What Is The Recommended After Care For The Neutered Pet?

Activity should be restricted for a few days after surgery. The patient should be discouraged (especially dogs) from licking or chewing at the surgery site. It sometimes helps to replace the cat's normal litter with shredded paper for a few days. Also, it is common for the scrotum of the cat to swell some for a couple of days after surgery and this is usually no cause for alarm.

How Old Should My Dog Or Cat Be Before Neutering?

I personally believe the neuter should he performed after the patient is 6 months old.

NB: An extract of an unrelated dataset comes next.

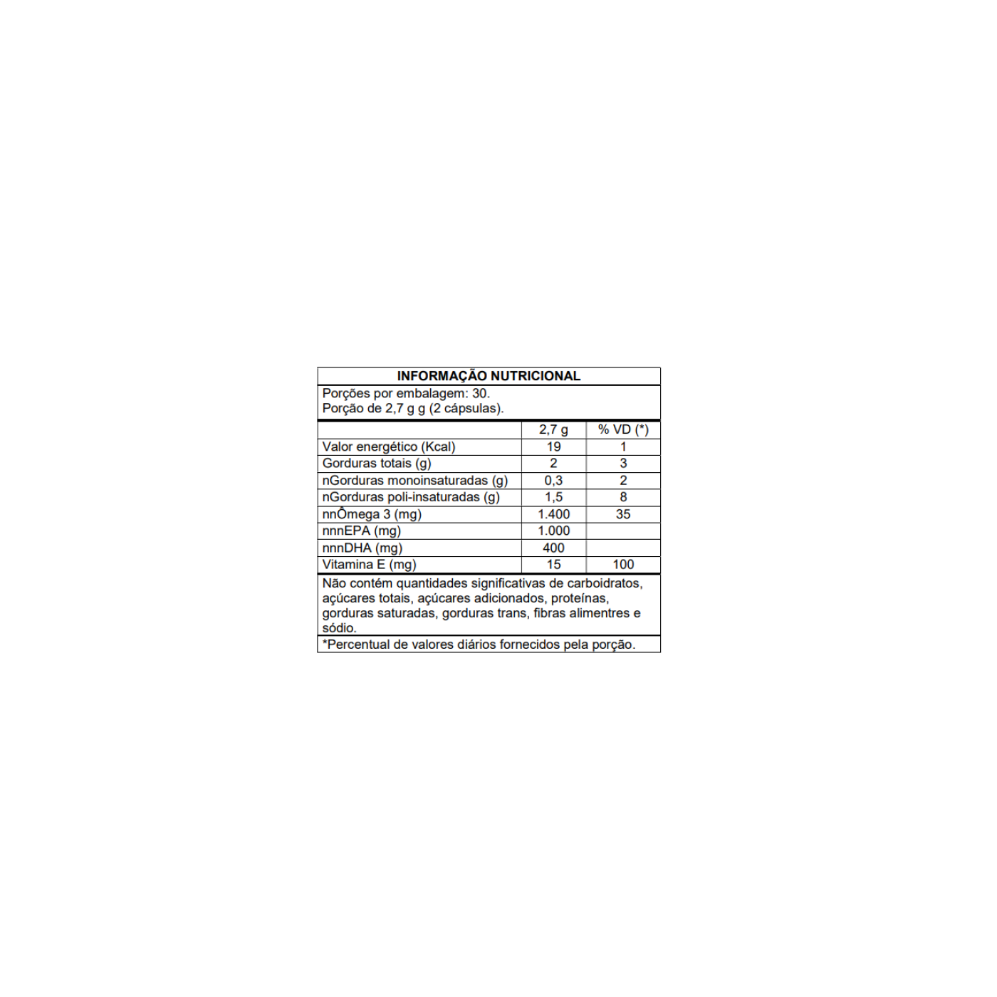 - (Os %VD para EPA/DHA podem não estar especificados na Tabela; manter conforme rótulo.)

Why Is It Best To Wait Until The Pet Is 6 Months Old Before Neutering?

I believe it's best to wait until the patient is 6 months old before neutering because if the neuter is performed before this time there can be problems with the permanent teeth coming in properly and also problems with proper bone growth. After the permanent teeth have all come in (which is usually 6 months in both cats and dogs) the patient is old enough to be neutered. Another reason I prefer to wait until 6 months of age before the neuter is performed is because at this age we are dealing with a more mature system (liver, spleen, heart, etc.) which is better able to handle anesthetics. Also, I believe that if Tom cats are neutered too young (before 6 months) they can have more problems with Feline Urologic Syndrome (FUS) which is a common urinary tract problem of male cats.

Will My Dog Or Cat Become Overweight After Neutering?

After neutering, some pets do tend to put on weight. If this is the case we should control the pet's weight by reducing food intake, switching to a higher fiber/lower calorie food, and increasing exercise (in dogs). It should be noted that although we do see a tendency to become overweight, we also see many neutered males who are normal weight or thin depending on their individual metabolism. Just because a dog or cat has been neutered does not automatically mean that he will gain weight. Another interesting point is that, of the neutered pets who put on weight, most of them become overweight due to a combination of several factors (including a high fat diet, sedentary lifestyle, overeating, etc.) and not just because they have been neutered. 


- Randy Walker DVM
Sun Lakes Animal Clinic
May 16,2004



"Until one has loved an animal, a part of one's soul remains unawakened."